## EXERCISE DETAILS
Each and every line below goes into your answer unchanged, but leave out the images.

## DATASET EXTRACT
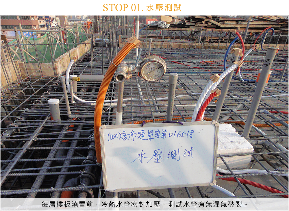 每層樓板澆置前,冷熱水管密封加壓,測試水管有無漏氣破裂。
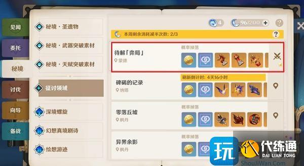 1、打開征討領域,選擇弈局這個周本。
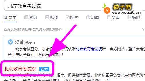 2在搜索框中输入【北京教育考试院】,并点击搜索结果中的【北京教育考试院】网站;
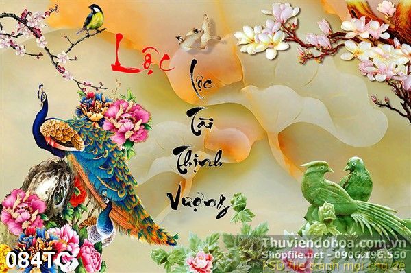 Tranh chim công chữ lộc giả ngọc 3d

## ANSWER TO THIS PROBLEM
 每層樓板澆置前,冷熱水管密封加壓,測試水管有無漏氣破裂。
 1、打開征討領域,選擇弈局這個周本。
 2在搜索框中输入【北京教育考试院】,并点击搜索结果中的【北京教育考试院】网站;
 Tranh chim công chữ lộc giả ngọc 3d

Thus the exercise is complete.